Exercise objective - With pictures left out, write out exactly every line from the start of the data through the one that contains "книга очень нужная.Все".
(Supplied data begins)
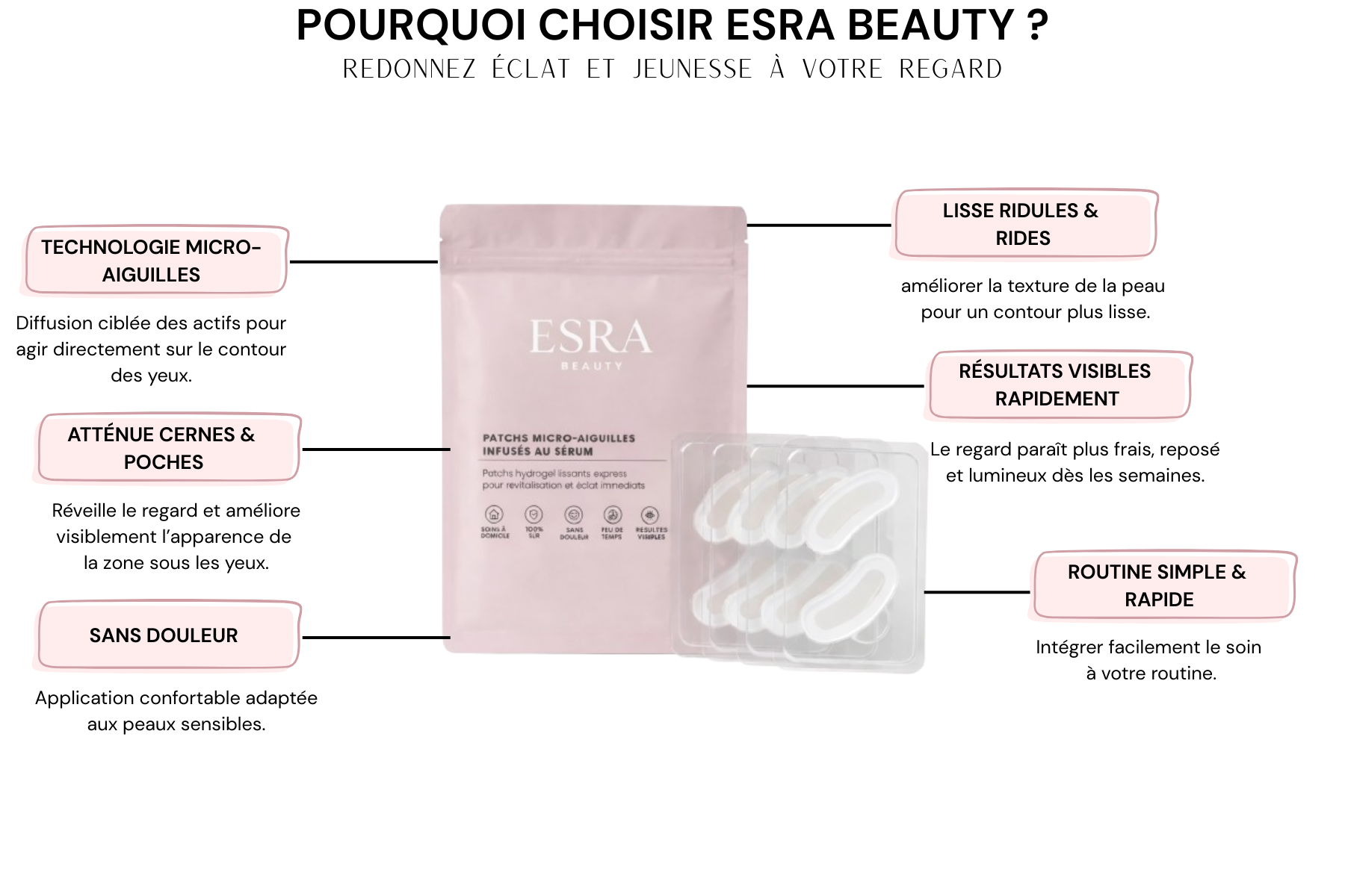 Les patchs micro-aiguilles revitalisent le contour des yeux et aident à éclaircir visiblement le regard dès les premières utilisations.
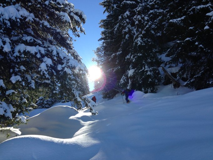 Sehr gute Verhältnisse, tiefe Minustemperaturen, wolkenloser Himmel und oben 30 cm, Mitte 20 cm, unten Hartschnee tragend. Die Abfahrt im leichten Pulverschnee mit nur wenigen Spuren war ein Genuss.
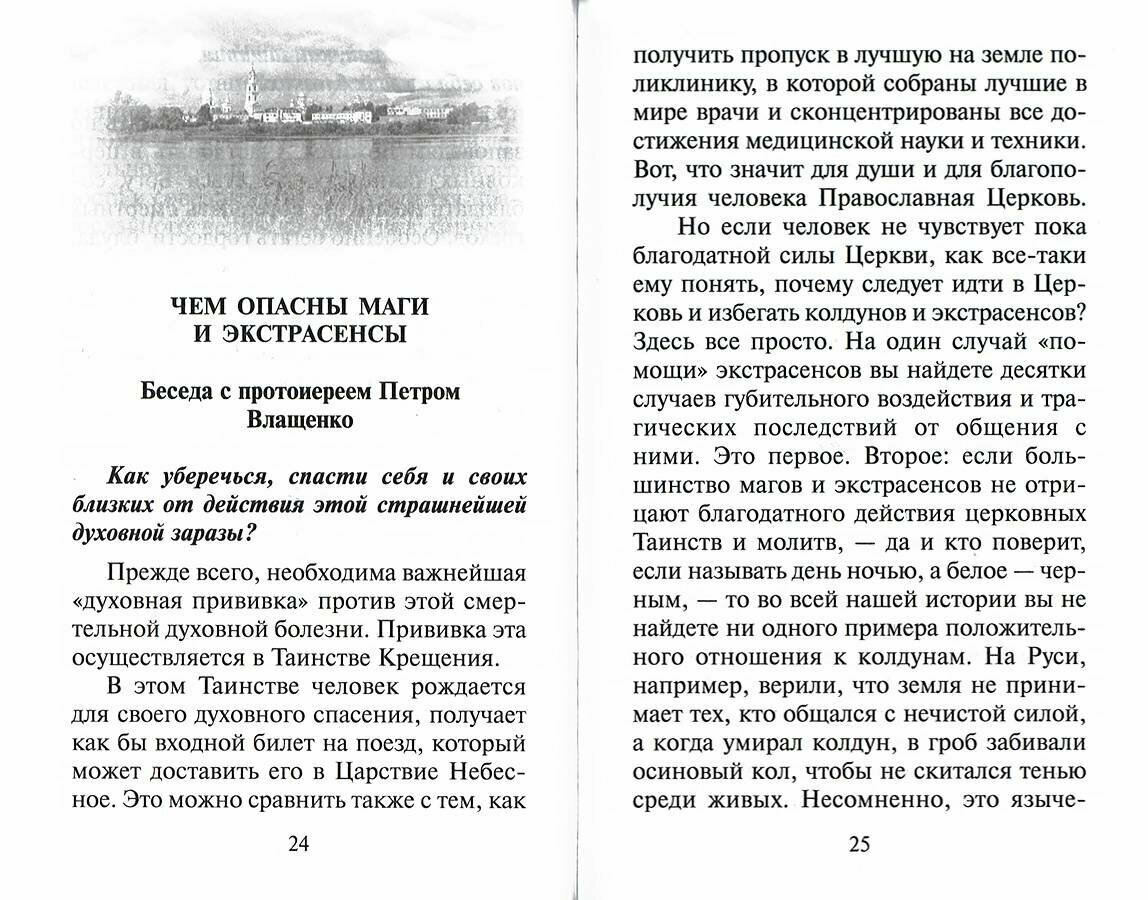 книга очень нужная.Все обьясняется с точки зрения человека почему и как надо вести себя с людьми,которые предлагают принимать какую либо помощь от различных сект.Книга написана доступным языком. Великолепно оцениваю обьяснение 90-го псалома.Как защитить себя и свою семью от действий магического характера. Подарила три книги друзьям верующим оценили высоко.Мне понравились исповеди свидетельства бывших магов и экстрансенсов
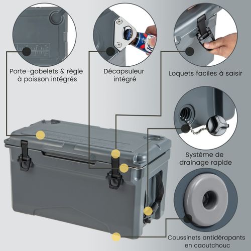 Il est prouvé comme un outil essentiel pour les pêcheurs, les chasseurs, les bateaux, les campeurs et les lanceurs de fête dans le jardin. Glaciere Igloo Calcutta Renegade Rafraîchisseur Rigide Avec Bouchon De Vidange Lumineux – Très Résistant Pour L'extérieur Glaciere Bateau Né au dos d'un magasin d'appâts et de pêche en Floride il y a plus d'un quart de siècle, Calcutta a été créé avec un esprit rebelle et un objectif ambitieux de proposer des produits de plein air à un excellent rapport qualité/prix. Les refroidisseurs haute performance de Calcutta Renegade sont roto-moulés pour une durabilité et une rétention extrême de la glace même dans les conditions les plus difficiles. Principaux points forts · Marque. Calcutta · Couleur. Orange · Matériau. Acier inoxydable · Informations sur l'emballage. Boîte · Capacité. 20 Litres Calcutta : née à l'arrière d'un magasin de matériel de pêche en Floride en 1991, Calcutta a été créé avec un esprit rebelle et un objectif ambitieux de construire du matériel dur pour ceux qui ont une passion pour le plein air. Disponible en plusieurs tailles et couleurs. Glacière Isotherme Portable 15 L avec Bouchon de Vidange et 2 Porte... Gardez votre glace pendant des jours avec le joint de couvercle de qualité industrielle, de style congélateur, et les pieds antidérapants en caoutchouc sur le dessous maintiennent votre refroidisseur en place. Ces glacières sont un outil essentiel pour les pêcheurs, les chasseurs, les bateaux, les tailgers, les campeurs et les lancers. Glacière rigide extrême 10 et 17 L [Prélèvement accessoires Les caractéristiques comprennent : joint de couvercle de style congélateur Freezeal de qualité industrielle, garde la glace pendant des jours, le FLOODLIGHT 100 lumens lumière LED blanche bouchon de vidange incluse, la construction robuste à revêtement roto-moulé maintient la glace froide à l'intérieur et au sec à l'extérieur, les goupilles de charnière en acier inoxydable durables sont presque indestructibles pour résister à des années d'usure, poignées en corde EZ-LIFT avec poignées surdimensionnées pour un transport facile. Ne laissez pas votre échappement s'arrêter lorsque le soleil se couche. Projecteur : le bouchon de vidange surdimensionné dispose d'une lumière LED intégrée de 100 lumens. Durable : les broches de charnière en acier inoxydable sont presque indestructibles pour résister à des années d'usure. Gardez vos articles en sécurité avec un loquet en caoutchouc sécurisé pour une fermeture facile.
(Supplied data ends)
Your response -
 Les patchs micro-aiguilles revitalisent le contour des yeux et aident à éclaircir visiblement le regard dès les premières utilisations.
 Sehr gute Verhältnisse, tiefe Minustemperaturen, wolkenloser Himmel und oben 30 cm, Mitte 20 cm, unten Hartschnee tragend. Die Abfahrt im leichten Pulverschnee mit nur wenigen Spuren war ein Genuss.
 книга очень нужная.Все обьясняется с точки зрения человека почему и как надо вести себя с людьми,которые предлагают принимать какую либо помощь от различных сект.Книга написана доступным языком. Великолепно оцениваю обьяснение 90-го псалома.Как защитить себя и свою семью от действий магического характера. Подарила три книги друзьям верующим оценили высоко.Мне понравились исповеди свидетельства бывших магов и экстрансенсов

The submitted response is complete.